» About this task:
Transcribe only what runs from the line containing "버림 콘크리트 타설 위 단열재를 깔고 위생배관을 시공한 사진입니다." through the final line below, exactly, and leave every picture out.

» Collected data:
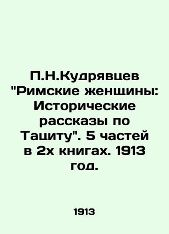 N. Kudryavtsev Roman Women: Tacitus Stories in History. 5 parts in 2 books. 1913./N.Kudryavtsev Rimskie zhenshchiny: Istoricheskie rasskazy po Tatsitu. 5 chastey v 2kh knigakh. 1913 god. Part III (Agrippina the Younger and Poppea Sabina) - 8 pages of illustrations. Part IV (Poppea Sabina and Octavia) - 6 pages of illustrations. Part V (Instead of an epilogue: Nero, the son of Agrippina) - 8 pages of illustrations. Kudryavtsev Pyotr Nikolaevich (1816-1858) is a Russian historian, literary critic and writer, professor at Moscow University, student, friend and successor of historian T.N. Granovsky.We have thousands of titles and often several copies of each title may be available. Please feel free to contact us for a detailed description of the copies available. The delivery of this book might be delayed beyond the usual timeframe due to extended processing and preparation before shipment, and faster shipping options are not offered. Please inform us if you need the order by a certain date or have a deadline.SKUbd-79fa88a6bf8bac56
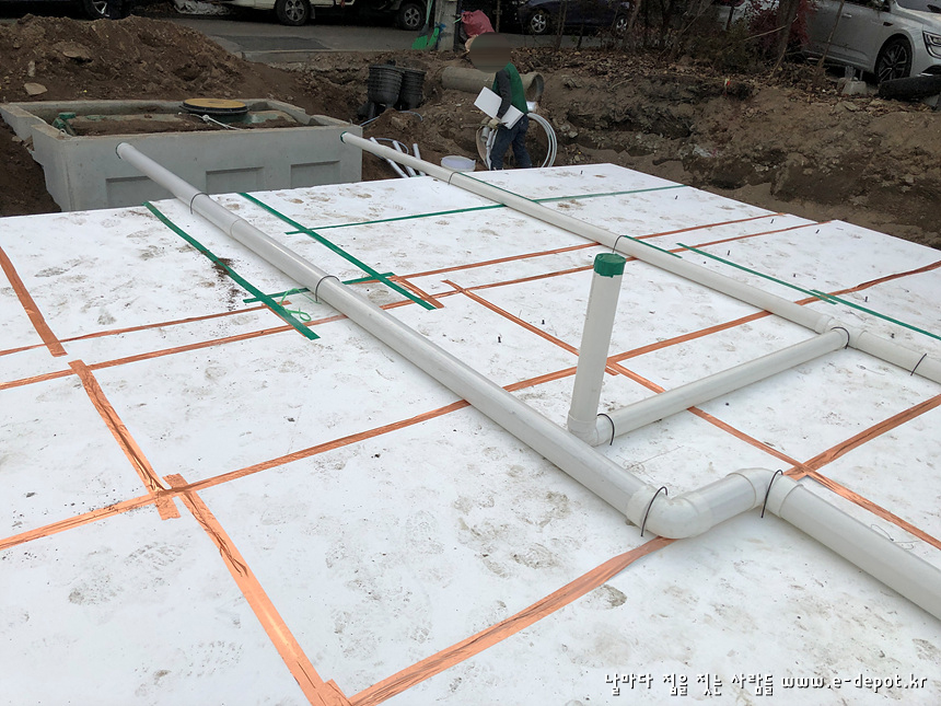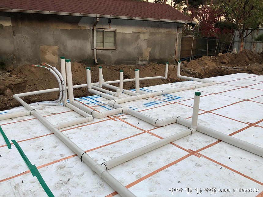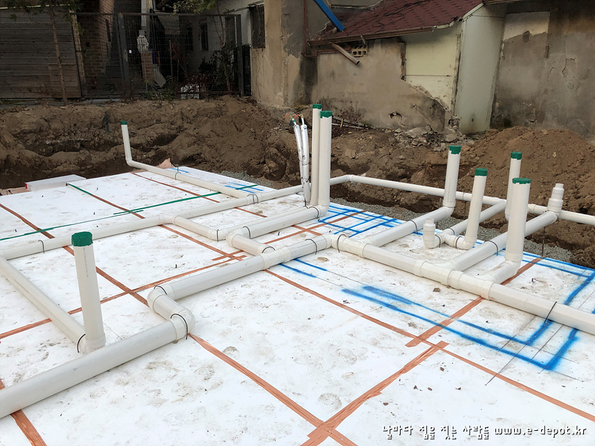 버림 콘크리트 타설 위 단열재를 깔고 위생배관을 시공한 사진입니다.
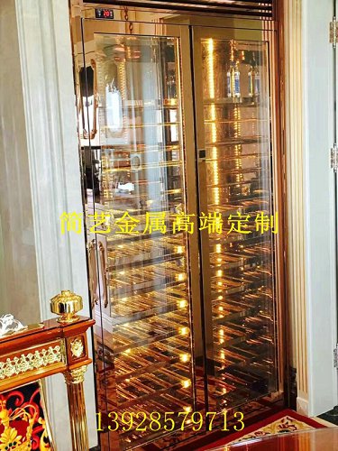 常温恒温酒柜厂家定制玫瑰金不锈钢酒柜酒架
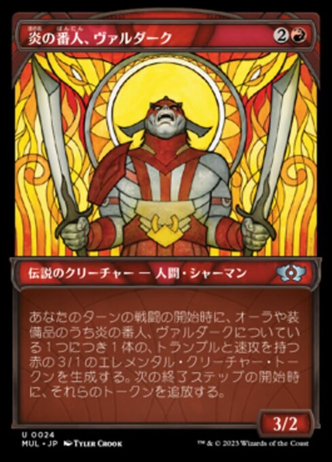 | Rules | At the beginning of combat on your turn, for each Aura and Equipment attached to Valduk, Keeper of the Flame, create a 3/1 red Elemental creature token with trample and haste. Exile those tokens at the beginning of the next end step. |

» Answer below:
 버림 콘크리트 타설 위 단열재를 깔고 위생배관을 시공한 사진입니다.
 常温恒温酒柜厂家定制玫瑰金不锈钢酒柜酒架
 | Rules | At the beginning of combat on your turn, for each Aura and Equipment attached to Valduk, Keeper of the Flame, create a 3/1 red Elemental creature token with trample and haste. Exile those tokens at the beginning of the next end step. |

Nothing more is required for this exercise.